Experiments by Caroline Kikawa, Jackson Barr Stuart and Leslie Goo. Analysis by Jesse Bloom and Caroline Kikawa.

Results

For a summary of the results, see selections_analysis.ipynb.

Other results are placed in ./results/, although not all files are tracked in the GitHub repo.

  • Barcoded subamplicon sequencing reads are processed into codon counts, and stored in ./results/codoncounts/
  • For individual and median antibody escape values, see differential selection measurements, placed in ./results/diffsel/.
  • PDB files with reassigned B-factors with antibody escape are placed in ./results/reassignedpdb/.

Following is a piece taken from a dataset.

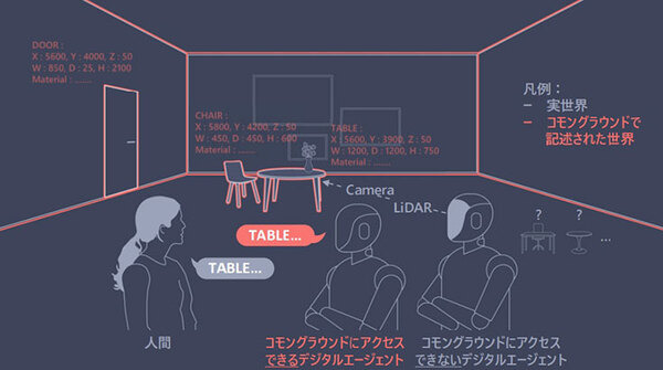コモンは「共通の」、グラウンドは「基盤」を意味します。自律走行ロボットも、今はエレベーターに乗ることが難しいですが、コモングラウンドであれば、3Dデータを介して、共通の基盤で導くことができると考えています」とコメントしている。
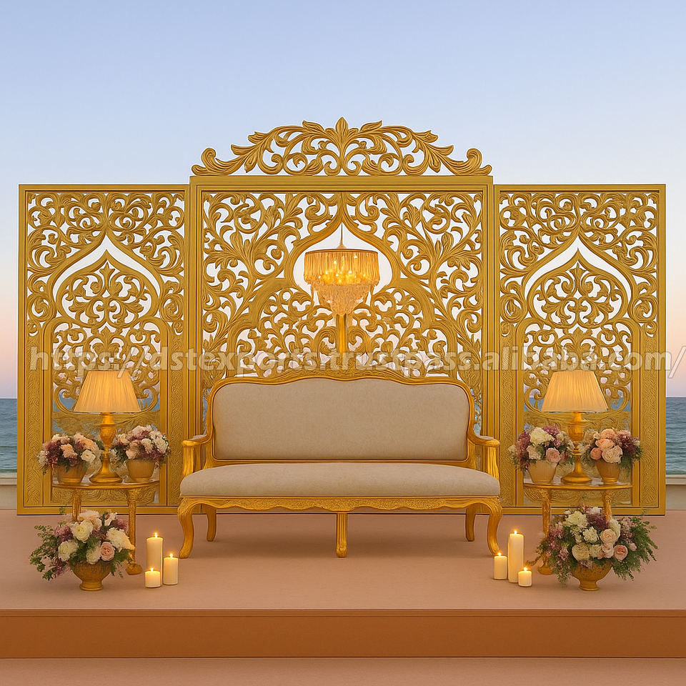 Product name:Royal Punjabi Wedding Stage with Wooden Panels And Swing

For the data and analysis used in the neutralization assays and visualizations for the paper, see the notebooks and results in ./paper_figures/, and for documentation of the SRA sequencing submission, see ./sra_submission/

Running analysis

First activate the conda environment for the analysis. If you have prebuilt the relevant environments, you can do this just with:

conda activate zikv_dmstools2

or:

conda activate neutcurve

Otherwise, first build the conda environments from the environments/environment_dmstools2.yml or environments/environment_neutcurve.ymlfile, then activate it as above.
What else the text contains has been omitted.